Perseverance est arrivé sur Mars muni de 43 tubes collecteurs destinés à recevoir de la roche martienne. Une fois qu’ils seront remplis et scellés, le rover les placera en sécurité dans des conteneurs eux-mêmes scellés. Dans plusieurs années – on ne sait pas encore quand, mais a priori dans le courant de la décennie – la NASA lancera une mission pour venir les récupérer. Pour ce faire, elle jouira du soutien de l’Agence spatiale européenne (ESA).

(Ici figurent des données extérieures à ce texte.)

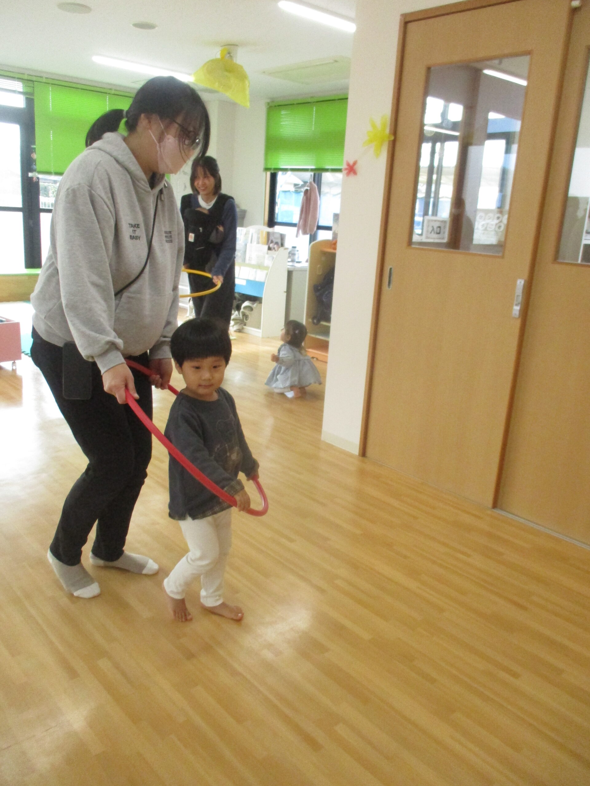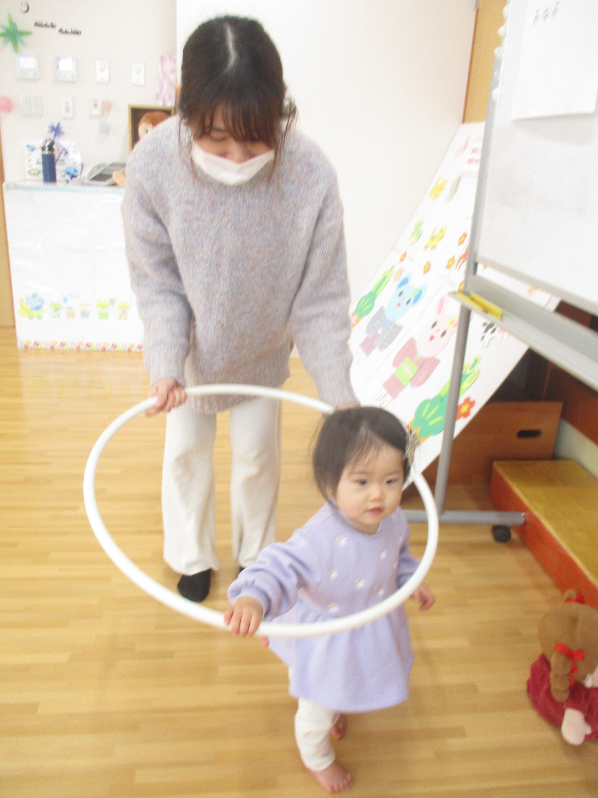 リズムに合わせてフープを左右にゆらゆら揺らしたり、スピードを変えてみたり。 「ガタンゴトン」のイメージで、電車になりきって体全体を使って表現します😊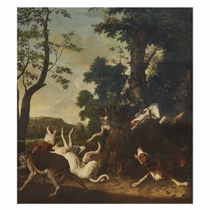 Scuola inglese, fine secolo XVIII-inizio secolo XIX GRANDE SCENA DI CACCIA raffigurante dei cani che lottano con [..]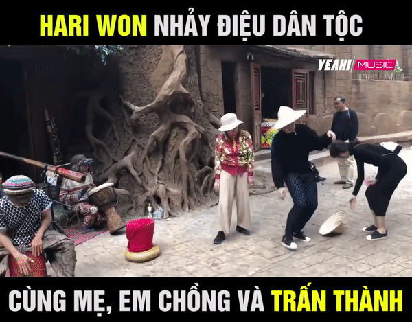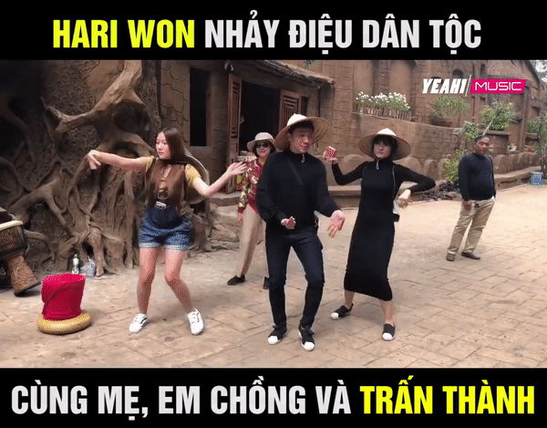 Chưa hết, nữ ca sĩ gốc Hàn còn lôi kéo mẹ và em gái Trấn Thành nhập cuộc. Trên nền nhạc ca khúc Em yêu anh như yêu câu ví dặm, bộ ba thành viên "quẩy" tưng bừng không theo bất cứ hàng lối nào. Quá bất lực trước độ "nhây" của bà xã, Trấn Thành đành ngậm ngùi hùa theo.
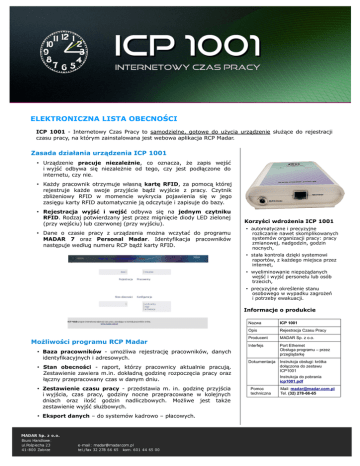 ELEKTRONICZNA LISTA OBECNOŚCI ICP 1001 - Internetowy Czas Pracy to samodzielne, gotowe do użycia urządzenie służące do rejestracji czasu pracy, na którym zainstalowana jest webowa aplikacja RCP Madar. Zasada działania urządzenia ICP 1001 • Urządzenie pracuje niezależnie, co oznacza, że zapis wejść i wyjść odbywa się niezależnie od tego, czy jest podłączone do internetu, czy nie. • Każdy pracownik otrzymuje własną kartę RFID, za pomocą której rejestruje każde swoje przyjście bądź wyjście z pracy. Czytnik zbliżeniowy RFID w momencie wykrycia pojawienia się w jego zasięgu karty RFID automatycznie ją odczytuje i zapisuje do bazy. • Rejestracja wyjść i wejść odbywa się na jednym czytniku RFID. Rodzaj potwierdzany jest przez mignięcie diody LED zielonej (przy wejściu) lub czerwonej (przy wyjściu). • Dane o czasie pracy z urządzenia można wczytać do programu MADAR 7 oraz Personal Madar. Identyfikacja pracowników następuje według numeru RCP bądź karty RFID. Korzyści wdrożenia ICP 1001 • automatyczne i precyzyjne rozliczanie nawet skomplikowanych systemów organizacji pracy: pracy zmianowej, nadgodzin, godzin nocnych, • stała kontrola dzięki systemowi raportów, z każdego miejsca przez internet, • wyeliminowanie niepożądanych wejść i wyjść personelu lub osób trzecich, • precyzyjne określenie stanu osobowego w wypadku zagrożeń i potrzeby ewakuacji. Informacje o produkcie Możliwości programu RCP Madar • Baza pracowników - umożliwa rejestrację pracowników, danych identyfikacyjnych i adresowych. • Stan obecności - raport, którzy pracownicy aktualnie pracują. Zestawienie zawiera m.in. dokładną godzinę rozpoczęcia pracy oraz łączny przepracowany czas w danym dniu. • Zestawienie czasu pracy - przedstawia m. in. godzinę przyjścia i wyjścia, czas pracy, godziny nocne przepracowane w kolejnych dniach oraz ilość godzin nadliczbowych. Możliwe jest także zestawienie wyjść służbowych. • Eksport danych – do systemów kadrowo – płacowych. Nazwa ICP 1001 Opis Rejestracja Czasu Pracy Producent MADAR Sp. z o.o. Interfejs Port Ethernet Obsługa programu – przez przeglądarkę Dokumentacja Instrukcja obsługi: krótka dołączona do zestawu ICP1001 Instrukcja do pobrania icp1001.pdf Pomoc techniczna Mail: [email protected] Tel. (32) 278-66-65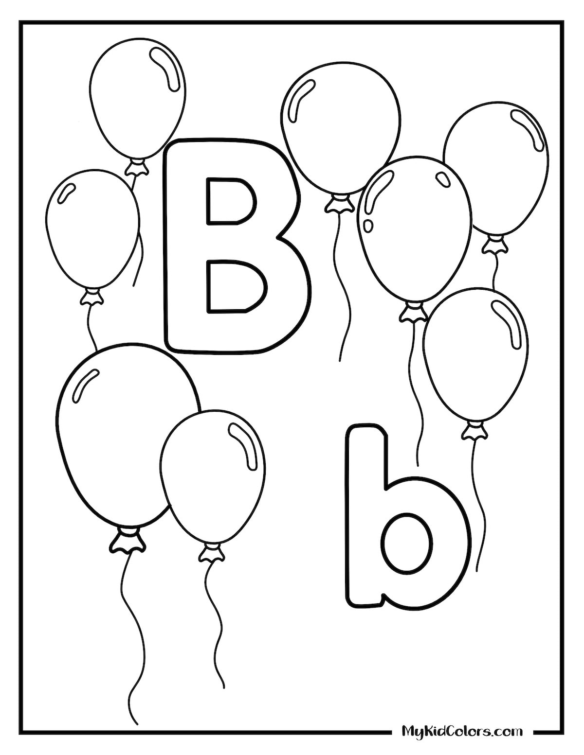 - Page 3: Big uppercase and lowercase B surrounded by festive balloons, a fun option for letter b activities for preschool free.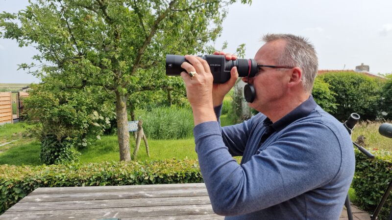 Het is echt wonderbaarlijk wat er dan gebeurt. Het beeld hangt in een fractie van een seconde echt heel stil en stabiel. Zelfs als je inzoomt naar de grootste vergroting, 35x, blijft het beeld erg stabiel. Deze telescoop is echt uit de hand te gebruiken. Dit heb ik nog niet eerder gehad. De stabilisatiesoftware is afkomstig uit de gimball-industrie (camera’s onder drone’s ed). De software is van de derde generatie en deze zorgt ervoor dat een aantal kinderziektes er al behoorlijk uit zijn. Veel verrekijkers hebben er last van dat het beeld bij pannen (van links naar rechts bewegen en vica versa) erg door kan deinen en dan terug kan deinen. Een beeld waar je snel een beetje duizelig van kan worden. Dit door deinen is bij deze stabilisator nauwelijks waar te nemen. Dit draagt bij een de bruikbaarheid. Met tilten (omhoog bewegen en naar beneden bewegen) heeft de stabilisator meer moeite om het beeld stabiel te houden. Maar ook hierbij is het al beter dan bij de meeste verrekijkers.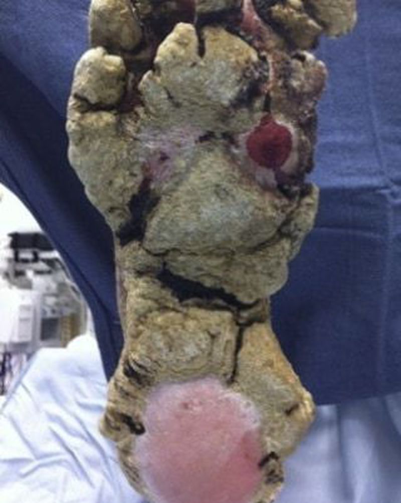 Crusted scabies (also called Norwegian scabies) is a severe form of scabies that most often occurs in people who have a weakened immune system or a neurological disease, the elderly, the disabled, or those who are mentally impaired. The condition is characterized by thick crusts of skin that contain large numbers of scabies mites and eggs. The usual features of scabies (itching and a rash) may be absent. Crusted scabies is very contagious and can spread easily both by direct skin-to-skin contacts and through contaminated items such as clothing, bedding, and furniture. It is caused by superinfestation with Sarcoptes scabiei var hominis, but why the crusted scabies develops is unknown. People with crusted scabies should receive quick and aggressive medical treatment for their infestation to prevent outbreaks of scabies. Ivermectin is commonly used for treatment

D’abord, une fusée lancera un engin spatial de la Terre vers Mars. Lorsqu’il approchera la planète rouge, le vaisseau enverra un atterrisseur sur la surface martienne. Celui-ci déposera à son tour un rover sur Mars, lequel collectera les échantillons recueillis par Perseverance. Une petite fusée les enverra alors en orbite martienne, où ils seront transférés vers un orbiteur en attente. Celui-ci ramènera enfin les échantillons martiens sur Terre en les lançant à l’intérieur d’une capsule à la fin de son voyage.

La NASA a réalisé une vidéo permettant de mieux visualiser les différentes étapes de cette mission aussi complexe qu’importante:

Sceller et stériliser pour éviter toute contamination

En outre, la NASA a expliqué dans un communiqué que ses scientifiques allaient être confrontés à « plusieurs challenges ». Et elle en a détaillé l’un d’eux: « protéger la Terre de Mars ». C’est-à-dire qu’il faut éviter à tout prix que les échantillons martiens – bien que l’agence juge « peu probable » qu’ils contiennent des organismes vivants – ne contamine notre planète. Et, inversement, il faudra empêcher la contamination de la roche martienne par des organismes terriens.

Pour ce faire, il s’agira, bien sûr, de veiller à ce que l’ensemble des échantillons restent bien scellés durant leur voyage. De plus, il faudra veiller à sceller parfaitement le conteneur dans lequel ils seront transportés. Et de le stériliser « sans oblitérer les importantes signatures chimiques des carottes rocheuses qu’il contient ».

Parmi les techniques envisagées figure le brasage. Cette technique consiste à faire fondre un alliage métallique dans un liquide qui colle le métal ensemble. Cela permet de sceller le conteneur d’échantillons à une température suffisamment élevée pour stériliser toute poussière qui pourrait rester dans le joint, estime l’agence spatiale américaine.

« L’un de nos plus grands défis techniques actuels est que, à quelques centimètres d’un métal qui fond à environ 1.000 degrés Fahrenheit (ou 538 degrés Celsius), nous devons maintenir ces extraordinaires échantillons martiens en dessous de la température la plus élevée qu’ils aient pu connaître sur Mars, soit environ 86 degrés Fahrenheit (30 degrés Celsius) », a précisé Brendan Feehan, un des ingénieur travaillant sur cette mission. « Les premiers résultats des tests de notre solution de brasage ont confirmé que nous sommes sur la bonne voie. »

L’objectif est d’appliquer la chaleur uniquement là où elle est nécessaire pour le brasage, limitant ainsi le flux de chaleur vers les échantillons. En outre, les ingénieurs pourraient isoler les échantillons dans un matériau qui absorberait la chaleur et la restituerait très lentement. Ils songent aussi à installer des conducteurs qui dirigeraient la chaleur loin des échantillons.